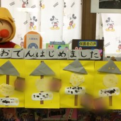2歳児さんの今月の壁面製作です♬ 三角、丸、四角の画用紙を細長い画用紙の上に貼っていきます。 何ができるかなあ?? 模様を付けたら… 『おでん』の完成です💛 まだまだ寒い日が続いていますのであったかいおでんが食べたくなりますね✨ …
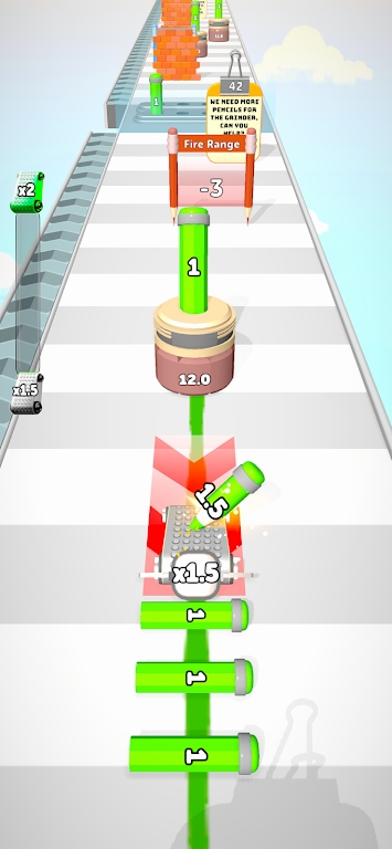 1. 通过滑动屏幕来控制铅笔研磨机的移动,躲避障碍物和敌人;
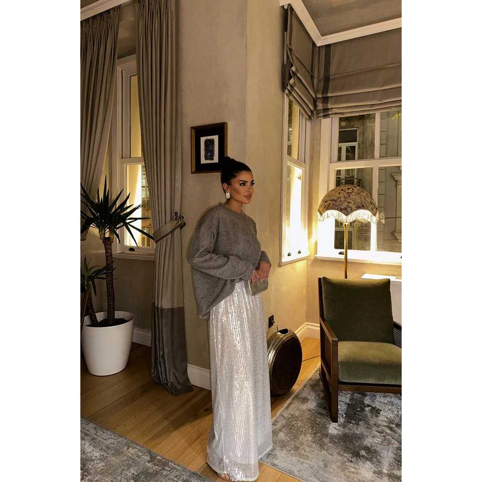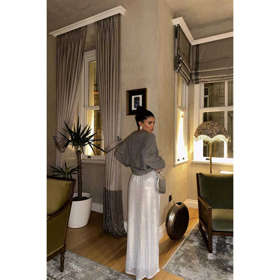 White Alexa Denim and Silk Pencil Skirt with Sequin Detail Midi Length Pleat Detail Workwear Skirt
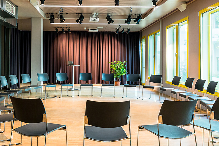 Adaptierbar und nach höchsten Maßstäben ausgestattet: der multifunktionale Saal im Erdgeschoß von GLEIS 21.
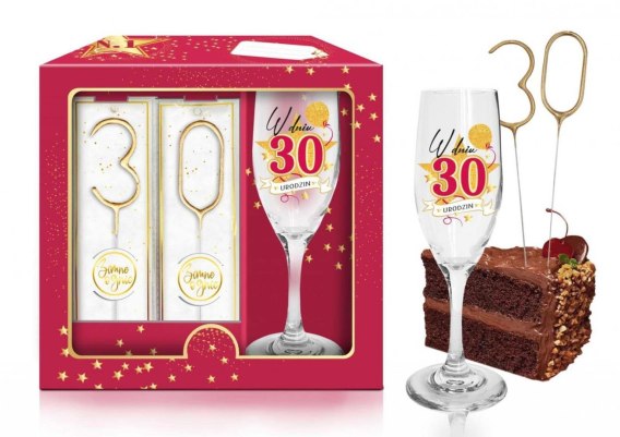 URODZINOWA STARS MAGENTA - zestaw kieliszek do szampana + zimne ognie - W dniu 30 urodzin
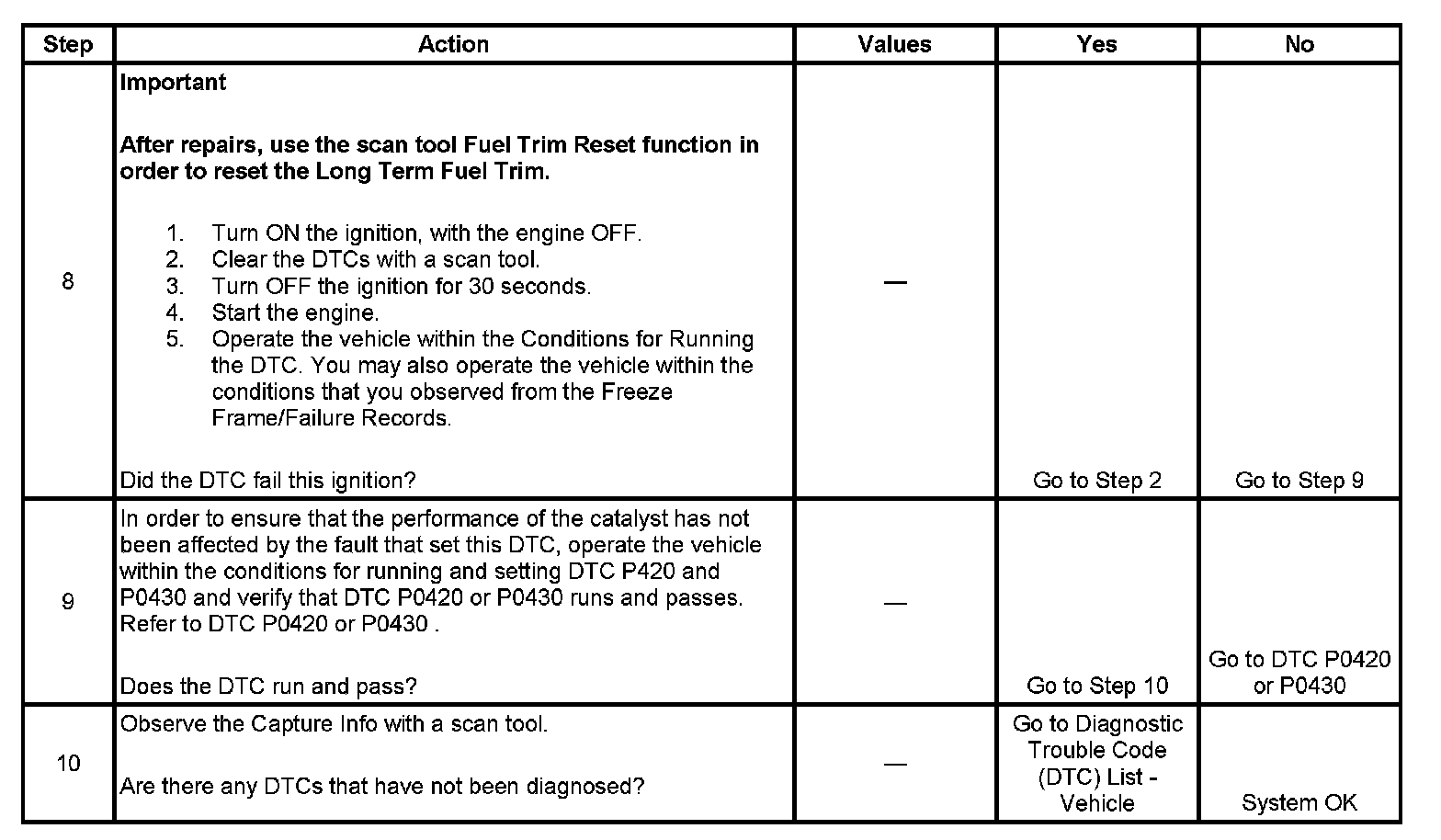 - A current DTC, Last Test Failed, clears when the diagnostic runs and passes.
┄┄┄┄┄┄
Pictures aside, reproduce the listing above exactly.

2歳児さんの今月の壁面製作です♬ 三角、丸、四角の画用紙を細長い画用紙の上に貼っていきます。 何ができるかなあ?? 模様を付けたら… 『おでん』の完成です💛 まだまだ寒い日が続いていますのであったかいおでんが食べたくなりますね✨ …
 1. 通过滑动屏幕来控制铅笔研磨机的移动,躲避障碍物和敌人;
 White Alexa Denim and Silk Pencil Skirt with Sequin Detail Midi Length Pleat Detail Workwear Skirt
 Adaptierbar und nach höchsten Maßstäben ausgestattet: der multifunktionale Saal im Erdgeschoß von GLEIS 21.
 URODZINOWA STARS MAGENTA - zestaw kieliszek do szampana + zimne ognie - W dniu 30 urodzin
 - A current DTC, Last Test Failed, clears when the diagnostic runs and passes.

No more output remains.